▸ **Task requirements**: What follows is a listing; repeat exactly, and only, its lines from the one holding "Saucony索康尼官方防护包裹感3A抗菌竞速跑步透气吸汗中筒运动袜" through the last, leaving any pictures out.

-------- Data supplied --------

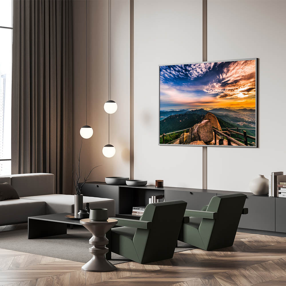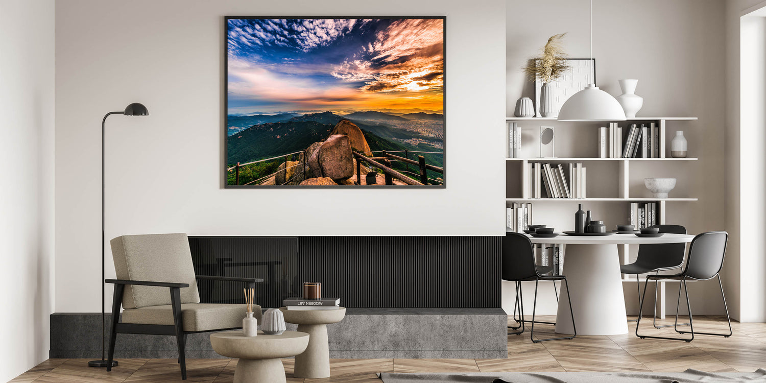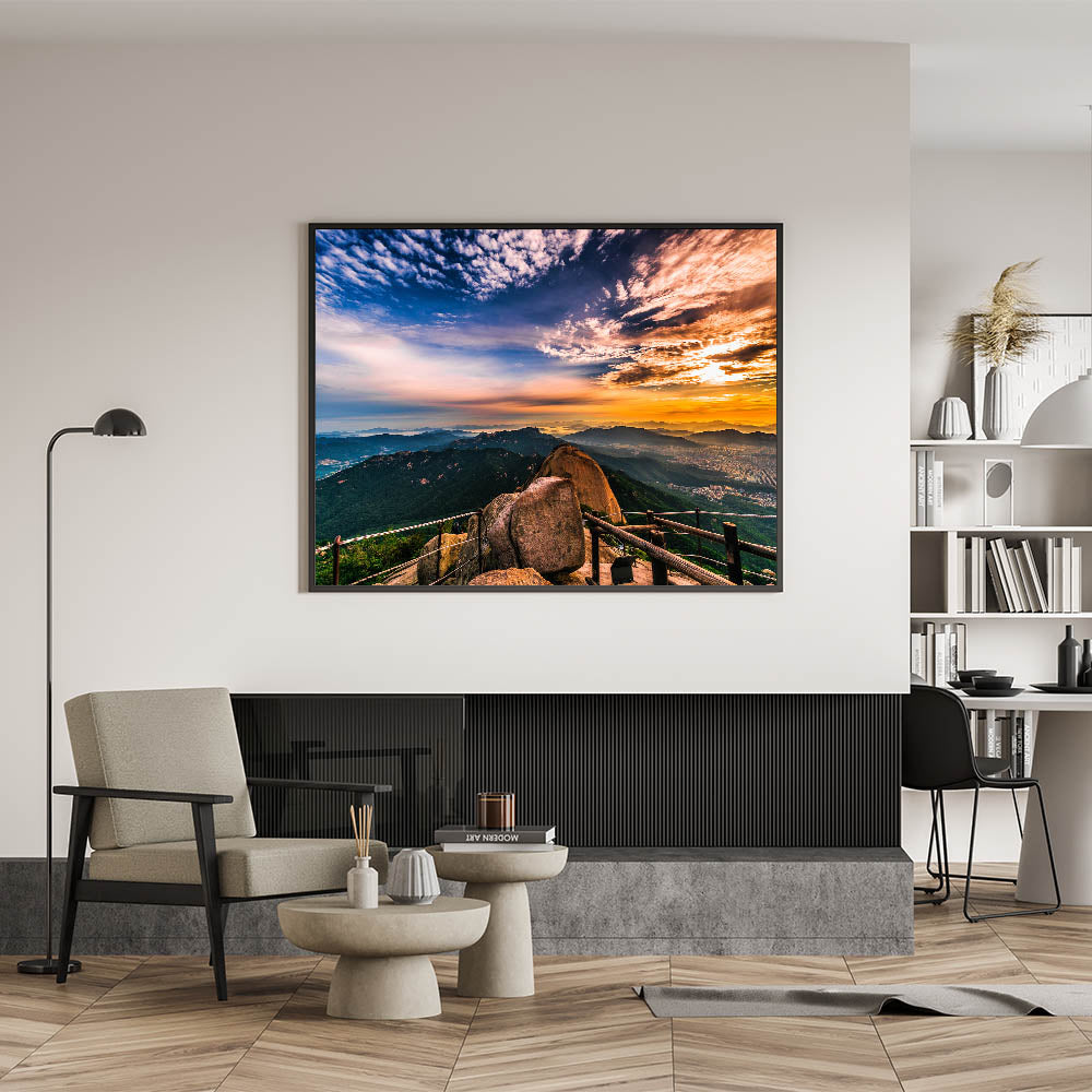 This breathtaking artwork showcases the majestic beauty of a Korean mountain landscape bathed in the golden light of sunset. The dramatic sky, filled with warm tones of orange and purple, creates a captivating contrast with the deep greens and rocky textures of the mountains below. Perfect for nature lovers and adventurers alike, this scenic print will infuse your living room, office, or bedroom with a sense of awe and tranquility.
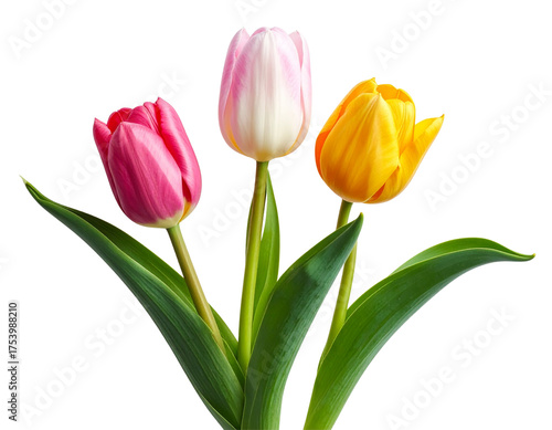 A vibrant bouquet of fresh pink tulips blossoms, isolated on a clean white background, signaling the beauty of spring
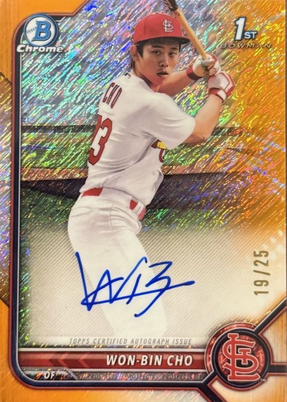 Won-Bin Cho 2022 Bowman Chrome #CPA-WC Prospect Auto - Orange Shimmer Refractor /25 (1st) RAW Price Guide
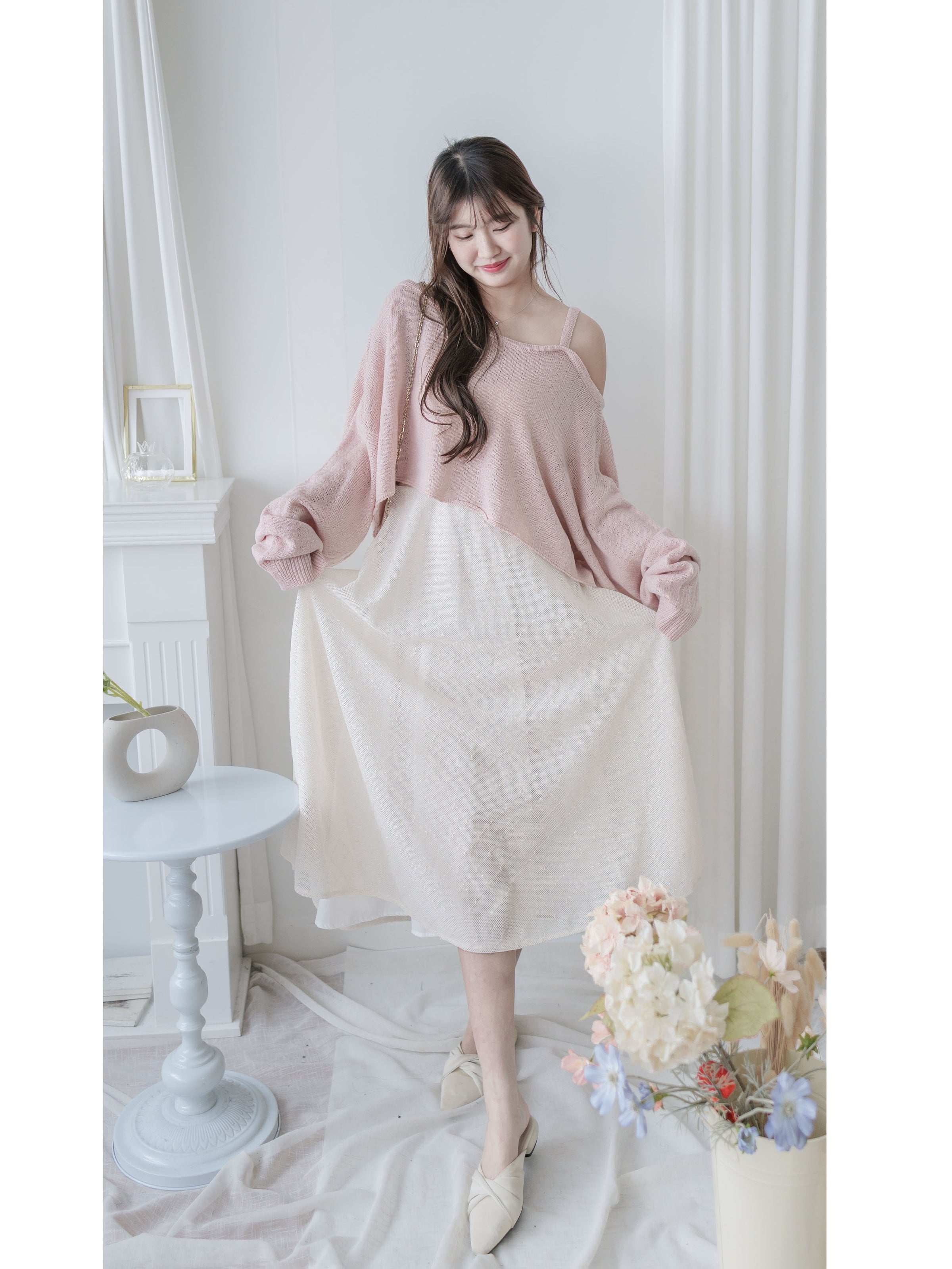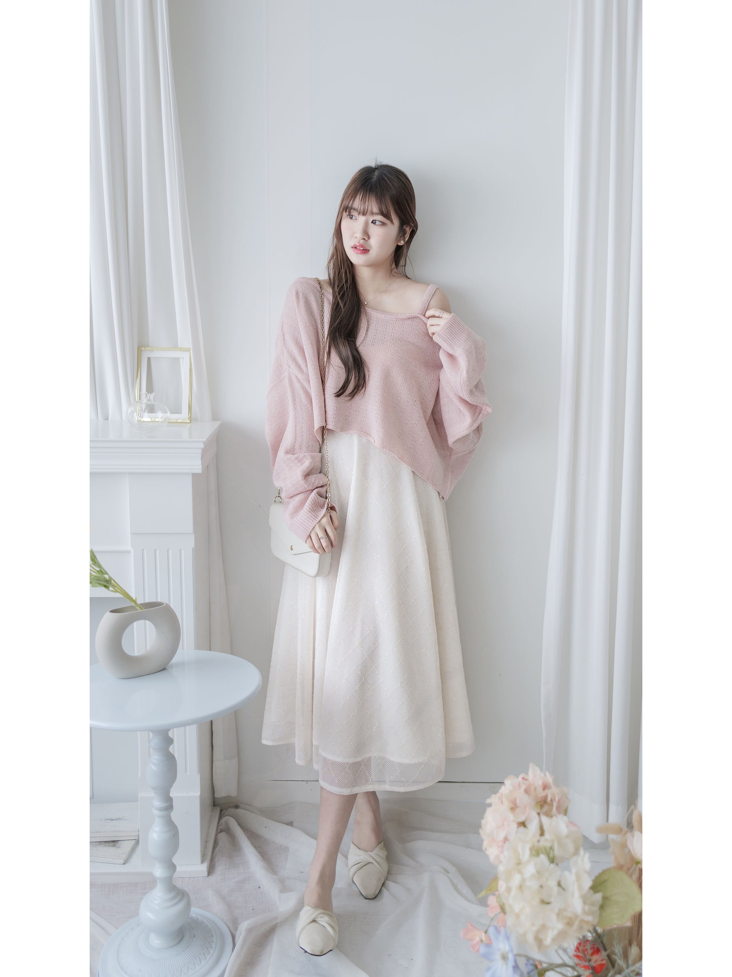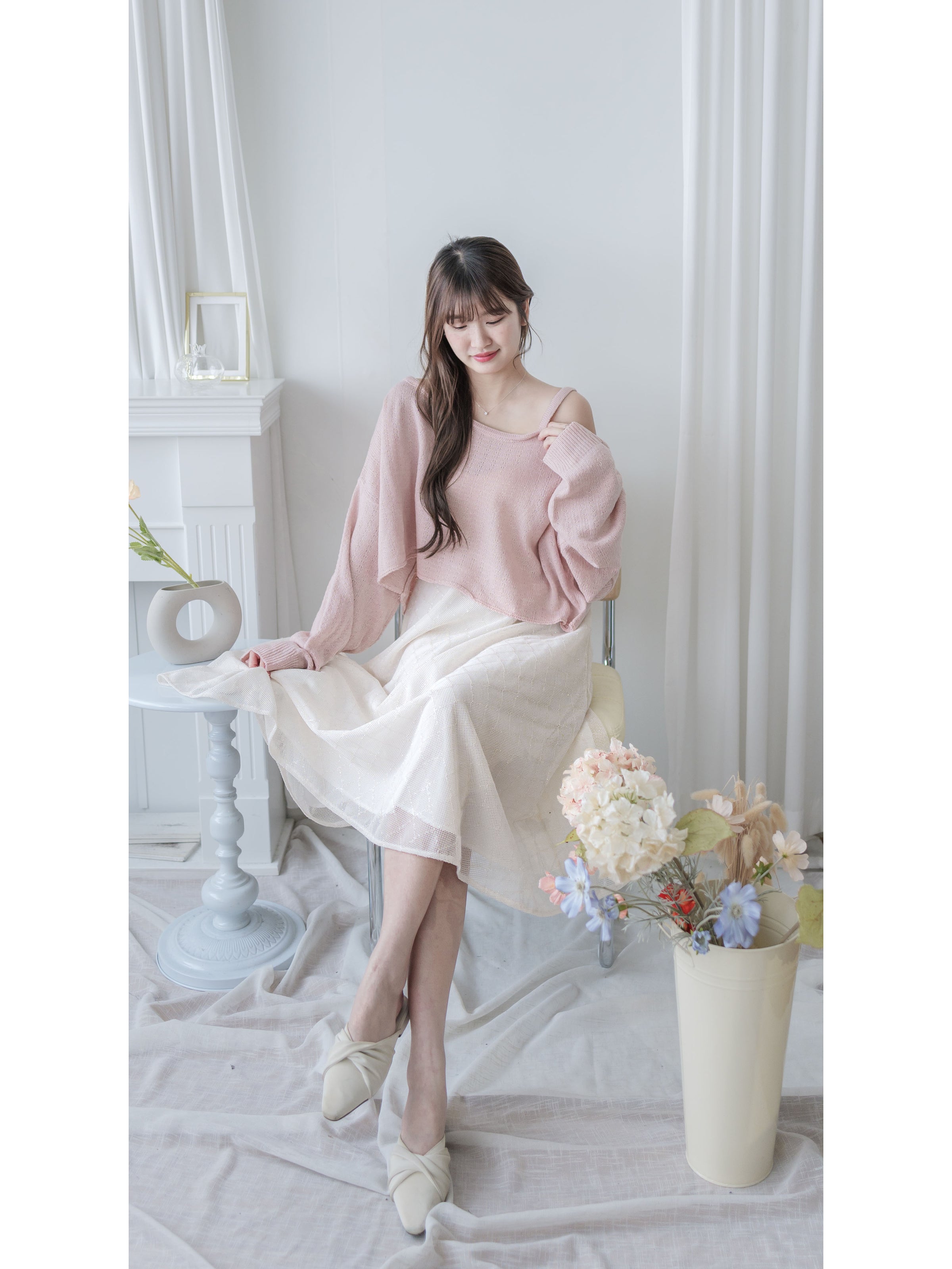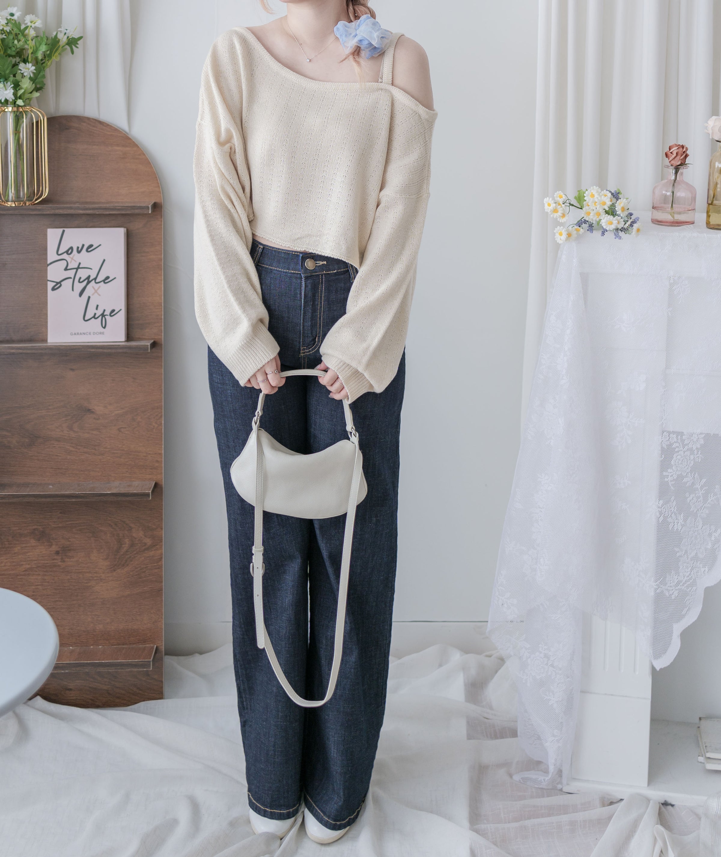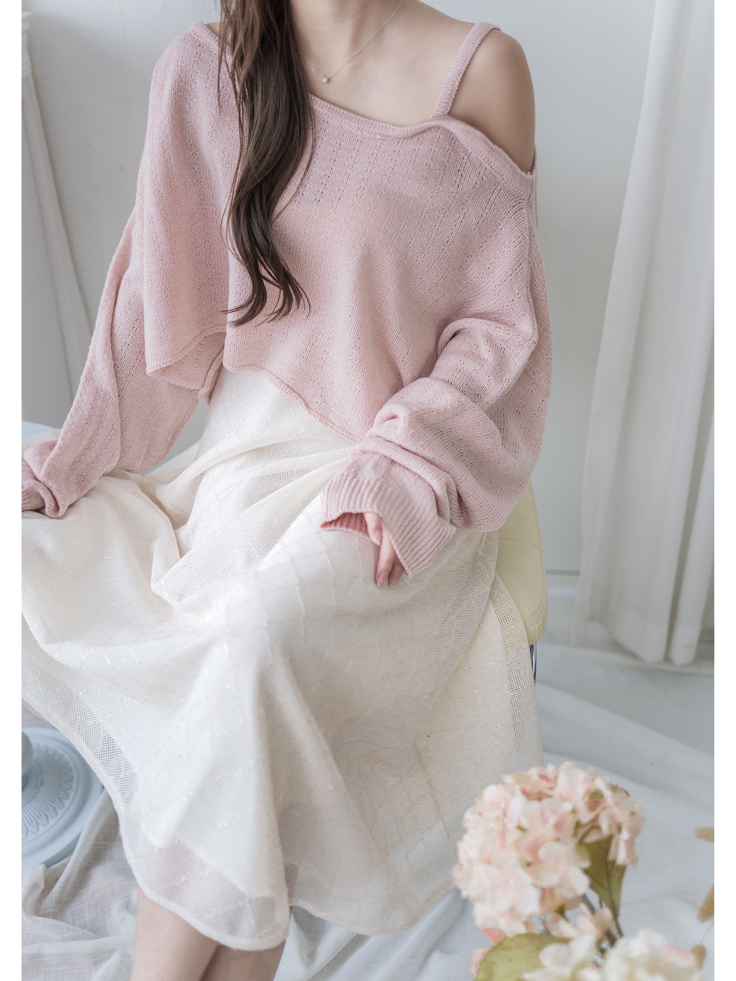 Crop Knit Top 短版斜肩設計吊帶針織/ TP9194
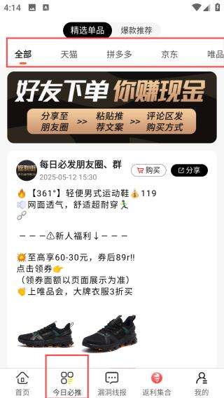 3、在今日必推界面,顶部有精选单品爆款推荐标签,下方有全部天猫拼多多京东唯品分类标签。
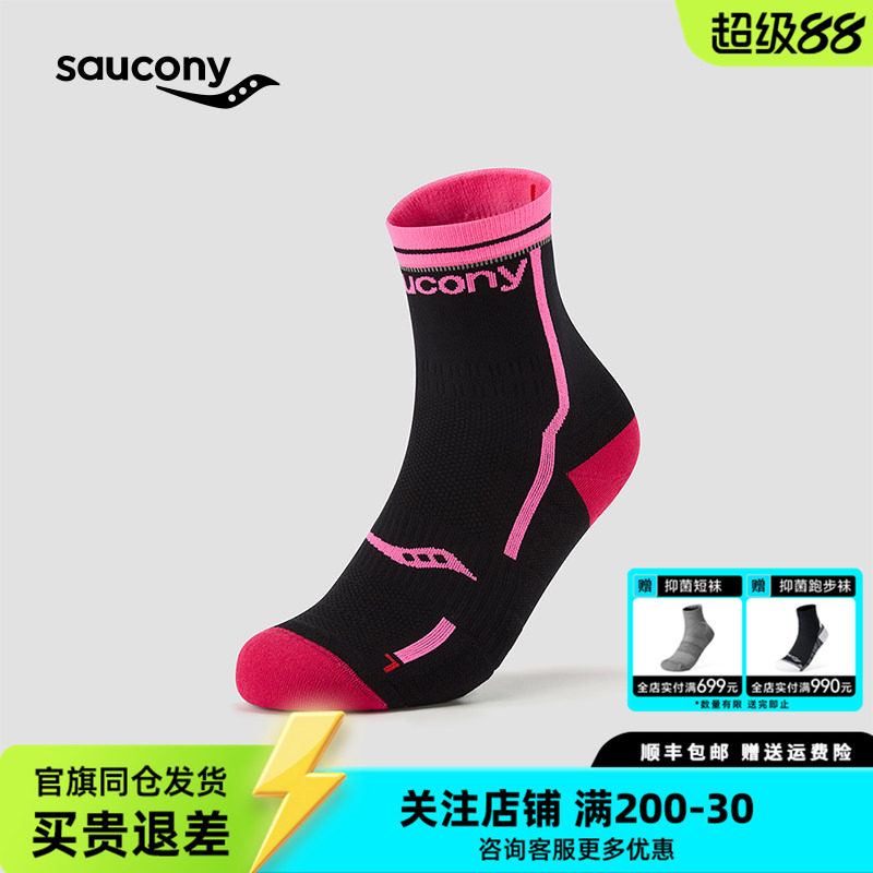 Saucony索康尼官方防护包裹感3A抗菌竞速跑步透气吸汗中筒运动袜
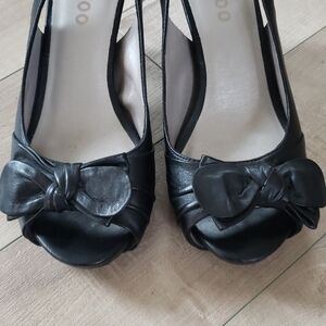 Beautiful black leather uppers with open toe with a bow. Slinback style with a 2.5 inch heel. Size 8 Pre-owned and are in excellent condition
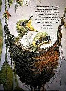 Annemieke Mein (born in 1944 at Haarlem) is a Dutch-born Australian textile artist who specialises in depicting wildlife. She was the first textile artist to be member of Wildlife Art Society of Australasia and the Australian Guild of Realist Artists. The subjects of her sculpted textiles are birds, frogs, gum and wattle blossoms, and insects such as moths, dragonflies, wasps and grasshoppers. Her fondness for insects and her sympathetic images, often greatly enlarged and showing normally invisible colours and textures, have revealed new aspects of the everyday world.
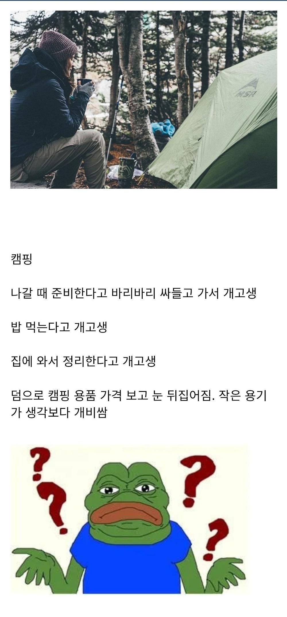 캠핑은 돈쓰고 고생하러 가는건데 거기서 얻는걸 이해못하는건 당연하겠지
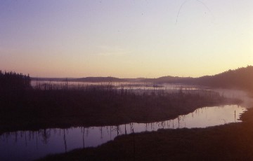 8/21/1999 Morning came all too quickly with us still in the rocks and trees of the Canadian Shield as we proceeded due west from the morning's sunrise. The morning started with a find the bathroom game and breakfast in the Skyline car of pancakes, sausage and grapefruit juice, all for a very reasonable price. I followed that with a full day of dome riding, starting with the fog rising from the lakes then at Lamaune, we passed the first Canadian National freight of the morning then proceeded to Armstrong where everyone waved to Dad and Betty, the father and a friend of a family who had just boarded the dome car as there was still a lack of coach seats. We then went into the siding at Onaping for Canadian National 166, the very hot Vancouver-to-Toronto intermodal train. I had been seeing trees attempting to change into their autumn colours and learned that they were birch trees, the only ones on the outside of the forest, so I wondered if it was because they were not insulated from the night's cold air as their brethren were, and also learned that the red flowers were Mountain Red Ash berries.

--------

▸ **Answer below**:
 Saucony索康尼官方防护包裹感3A抗菌竞速跑步透气吸汗中筒运动袜
 Beautiful black leather uppers with open toe with a bow. Slinback style with a 2.5 inch heel. Size 8 Pre-owned and are in excellent condition
 Annemieke Mein (born in 1944 at Haarlem) is a Dutch-born Australian textile artist who specialises in depicting wildlife. She was the first textile artist to be member of Wildlife Art Society of Australasia and the Australian Guild of Realist Artists. The subjects of her sculpted textiles are birds, frogs, gum and wattle blossoms, and insects such as moths, dragonflies, wasps and grasshoppers. Her fondness for insects and her sympathetic images, often greatly enlarged and showing normally invisible colours and textures, have revealed new aspects of the everyday world.
 캠핑은 돈쓰고 고생하러 가는건데 거기서 얻는걸 이해못하는건 당연하겠지
 8/21/1999 Morning came all too quickly with us still in the rocks and trees of the Canadian Shield as we proceeded due west from the morning's sunrise. The morning started with a find the bathroom game and breakfast in the Skyline car of pancakes, sausage and grapefruit juice, all for a very reasonable price. I followed that with a full day of dome riding, starting with the fog rising from the lakes then at Lamaune, we passed the first Canadian National freight of the morning then proceeded to Armstrong where everyone waved to Dad and Betty, the father and a friend of a family who had just boarded the dome car as there was still a lack of coach seats. We then went into the siding at Onaping for Canadian National 166, the very hot Vancouver-to-Toronto intermodal train. I had been seeing trees attempting to change into their autumn colours and learned that they were birch trees, the only ones on the outside of the forest, so I wondered if it was because they were not insulated from the night's cold air as their brethren were, and also learned that the red flowers were Mountain Red Ash berries.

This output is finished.